## Source data

**********

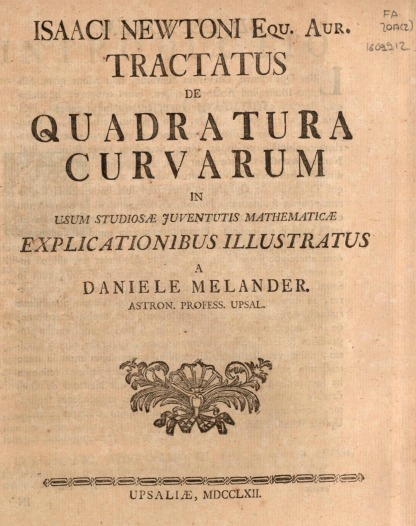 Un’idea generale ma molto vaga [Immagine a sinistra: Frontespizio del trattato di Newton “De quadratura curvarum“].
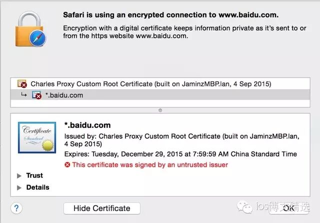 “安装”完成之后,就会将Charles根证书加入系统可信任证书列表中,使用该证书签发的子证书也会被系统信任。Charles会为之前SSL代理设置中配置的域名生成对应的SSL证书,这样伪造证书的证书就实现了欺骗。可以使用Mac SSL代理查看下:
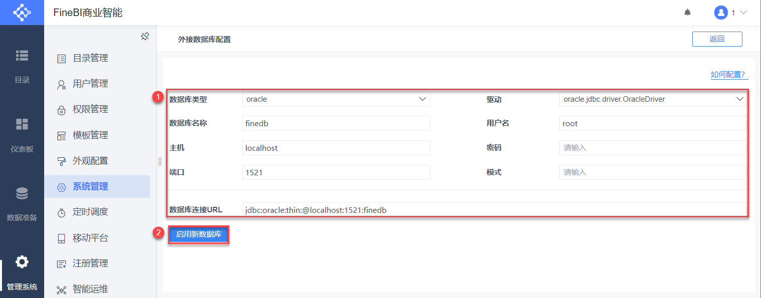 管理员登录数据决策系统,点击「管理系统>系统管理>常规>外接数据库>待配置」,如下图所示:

**********

## Task requirements
Word for word, return the material, omitting the pictures.

## Completed task
 Un’idea generale ma molto vaga [Immagine a sinistra: Frontespizio del trattato di Newton “De quadratura curvarum“].
 “安装”完成之后,就会将Charles根证书加入系统可信任证书列表中,使用该证书签发的子证书也会被系统信任。Charles会为之前SSL代理设置中配置的域名生成对应的SSL证书,这样伪造证书的证书就实现了欺骗。可以使用Mac SSL代理查看下:
 管理员登录数据决策系统,点击「管理系统>系统管理>常规>外接数据库>待配置」,如下图所示:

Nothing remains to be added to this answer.